Despite work-from-home worries, Manhattan office real estate is doing just fine
The office from which I write this column is mostly empty. So are the offices of many different companies — banks, law firms, media — I can see from the New York Post’s Midtown windows.
But does it portend a dystopian future of deserted office towers, attended by a collapse of the tax base largely dependent on the economic clout of those towers?
Nope — despite panic over a report showing companies are pitching more jobs than ever to the work-from-home crowd.
“It’s only going to get worse,” warned Partnership for New York City CEO Kathryn Wylde about findings by research firm Emsi Burning Glass. It’s “a big cultural shift, and I don’t see it reversing.”
But we’re all prisoners of the pandemic moment, just as we are of every moment. When the New Orleans Saints shut out the Tampa Bay Buccaneers on Dec. 19, NFL sages confidently stated that the lowly Saints were headed for the playoffs and Tom Brady and the Bucs were cooked.
It’s time to look beyond the end-of-days forecasts and focus on a counterintuitive truth. Despite some 7.4% space reductions since March 2020 — peanuts compared with prognostications of up to 25% — the Big Apple companies that use the most office space are taking not less but more of it, as I’ll enumerate below.

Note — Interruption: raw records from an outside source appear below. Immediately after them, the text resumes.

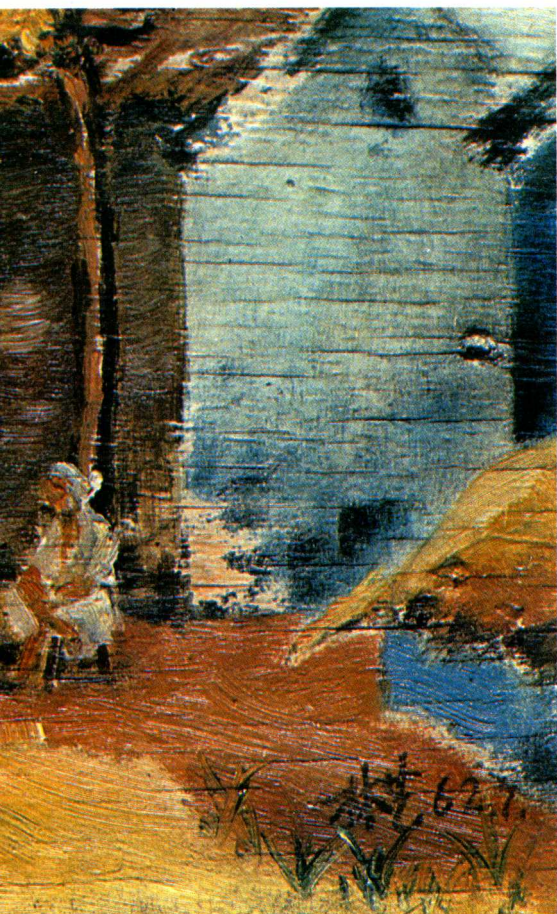
農家歌晌 油畫 Taking a Midday Rest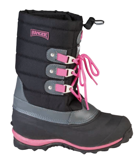
RPC312 | Black/Grey/Pink, 10"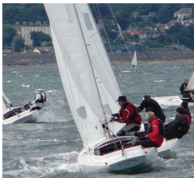
Dragons at speed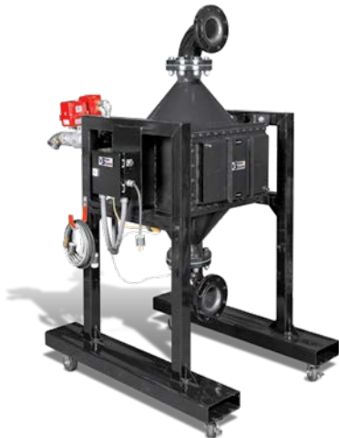
Optional Charge Air Cooler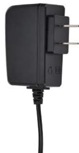
x1 Power Adapter

Image: All components included in the Starfavor SEK-361 package.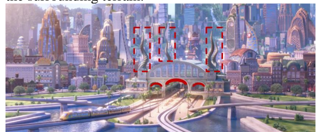
Figure 2. Symbolic visual creativity of Savana Central - Downtown city as the embodiment of utopian

The ecosystem region of Savanna Central features circumstances that are most similar to those seen in the actual urban environment found in the human world. The government building and other urban utilities are situated in this area, which is a megacity. The markers of the downtown city area are shown in figure 2 with a facade that resembles a gate or gate, which is frequently a marker of a border between one area and another. Three segmental shapes make up the image of the main city gate, which has a centered arrangement. A segmental shape with a large dimension sits in the center, and two smaller segmental shapes on either side. Four features that resemble a horn and have four sharp edges, a curved shape, a textured surface, and an upward-pointing orientation serve to amplify the building's impression (vertical). The gate's image is built not only using a separate image from the buildings behind it, but also using its position in the middle and the area that serves as the foreground of the image. It's fascinating to note how the presence of water, a natural element, seems to dominate this scene and harmonize it with the surrounding terrain.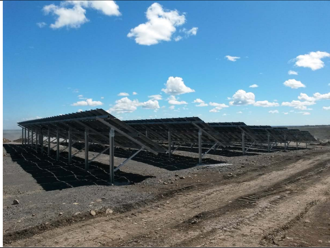
Seven Rows of Solar Panels (237014 E, 6744940 S) on the southern edge of the quarry.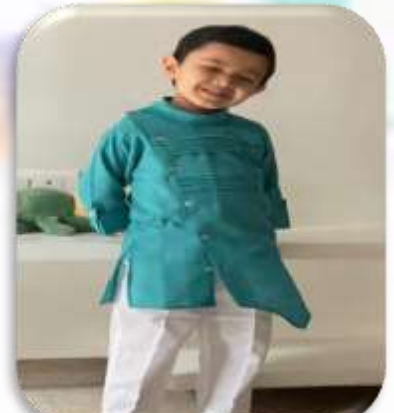
VIHAAN -PS -B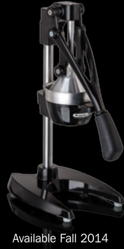
Available Fall 2014

Place It Anywhere Provides Maximum Pressure with Minimal Effort & Strength Ample Height for Juicing into Tall Cups Strainer & Funnel Remove for Easy Cleaning Heavyweight Base for Optimal Stability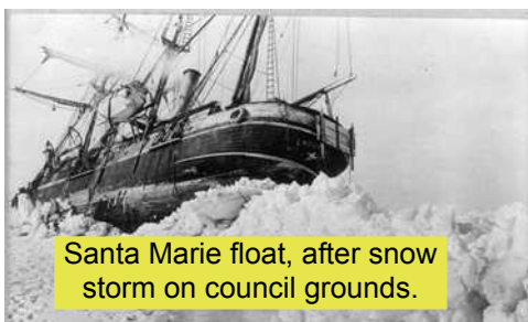
Santa Marie float, after snow storm on council grounds.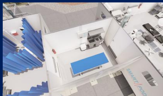
Connecting vestibule serving as a pre-op staging area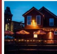
COMMERCIAL EXTERIOR RENOVATIONS, SIGNAGE, WINDOW DISPLAYS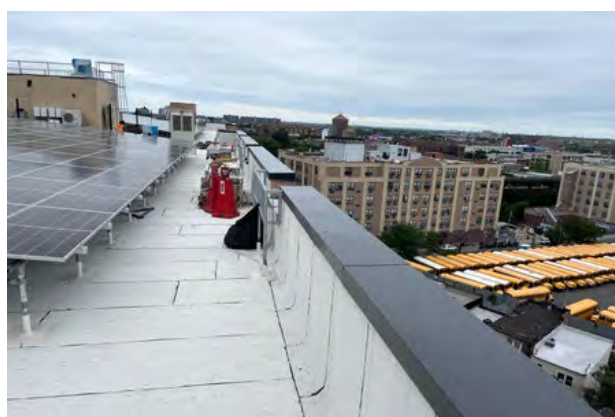
4. Roof parapet and solar panels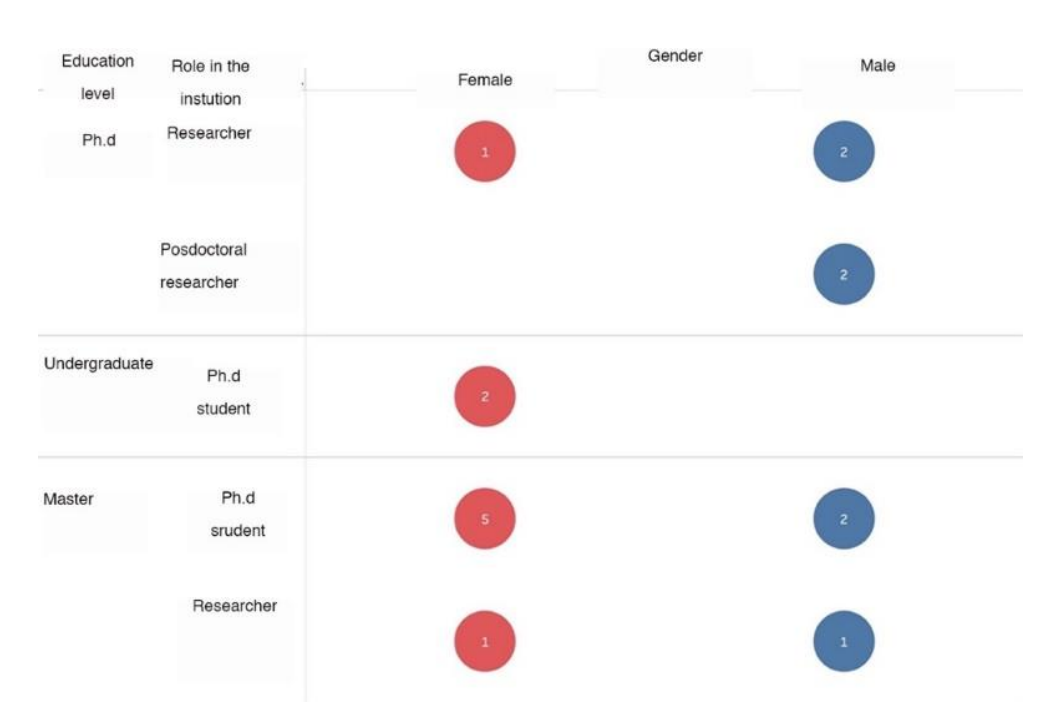
Figure 1. Demographic information of the focus group participants, gender, and education level. (own elaboration).

To identify the level of repository use, the survey asked, "Have you used the repository?" 50% of the participants chose the answer, "I do not know of the existence of an institutional repository and its purpose." 25% chose, "I have uploaded papers at the request of my academic program director," 12% chose the answer, "I have uploaded OER by request of my department head," and 13% chose, "I have uploaded my thesis by institutional request" (see Figure 2).

The phenomenon raises obvious questions: Are the people who run these companies all stupid? Don’t they read interviews with WFH-loving executives in the suburbs who say on cue when prompted by journalists, “I don’t care if I never have to see the LIRR/LIE/New Jersey Turnpike/Metro-North again”?
The Post exclusively reported the scary survey Monday. It showed that of major companies’ December job postings, work-from-home positions jumped to 10.6% of all openings, or 25,800 of a total 243,000.
That’s a near-quadrupling of early 2020’s 4% remote-job offerings.
Never mind that 10.6% hardly sounds like a sea change when certain other “experts” forecast that up to 75% of employees will work from home in the future. Data such as these, and other statistical and anecdotal reports, suggest to some that the city’s office market — the commercial bulwark that accounts for more tax revenue than Wall Street — is on the brink of collapse.
But as Charlie Chan was prone to say, “Contradiction, please.” The countervailing view shrugs off some companies’ repeated postponements of return-to-office dates.
For all the doom-and-gloom, major firms continue to renew huge leases — such as law firm Fried Frank at One New York Plaza downtown and Madison Square Garden Entertainment at 2 Penn Plaza in Midtown. Both re-signed for more than 400,000 square feet each.
Brand-new Manhattan leases of at least 100,000 square feet signed in 2021 included outfits of all kinds: insurance giant Chubb Group at 550 Madison Ave., Turner Construction at The Spiral, law firm Venable at OneFiveFive, pharmaceutical-software developer Schrödinger at 1540 Broadway and spirits-maker Suntory at 11 Madison Ave.
In the last two weeks alone, streaming-television-hardware pioneer Roku inked for a quarter-million square feet at Five Times Square. That triples its New York space. Wait — isn’t Roku the kind of company, with its young and tech-savvy workforce, you’d expect to send everyone home?
A few days later, Touro College and University took 240,000 square feet at Three Times Square. So much for the idea that whole obsolete office towers might be “converted” to educational uses — in this case, an actual educational institution is paying a high office-market rent to be in one that is anything but obsolete.
Some of the new leases were signed at rents above $100 per square foot, the longtime benchmark for the classiest tenants in the fanciest buildings.
Meanwhile, overall Manhattan office leasing jumped by a robust 8.3% in the fourth quarter, undeterred by Omicron. There’s still plenty of space available, and rents are lower overall — but that hardly amounts to a sinking ship.
More large deals might be announced soon, possibly including for IBM and investment firm Franklin Templeton at One Madison Ave.
Another barometer of confidence lies in building sales. Not only did the city’s so-called investment-sale market return to pre-pandemic levels in 2021 — Manhattan office towers dominated it with 14 sales totaling $3.55 billion, more than half of the market that includes residential and industrial properties.
Sure, Manhattan buildings’ total value is down — how could it not be in today’s climate? — but no owners have yet been observed jumping off their roofs.
The pattern of resiliency could change, of course. Much will depend on how effectively Mayor Eric Adams can tame crime and homelessness, especially in the subways and at Penn Station. An unexpected new viral strain on the heels of receding Omicron could further delay back-to-office plans.
But assuming no further catastrophes, the city and Manhattan especially will recapture their allure to the best and brightest careerists — and the skyline won’t go dark any time soon.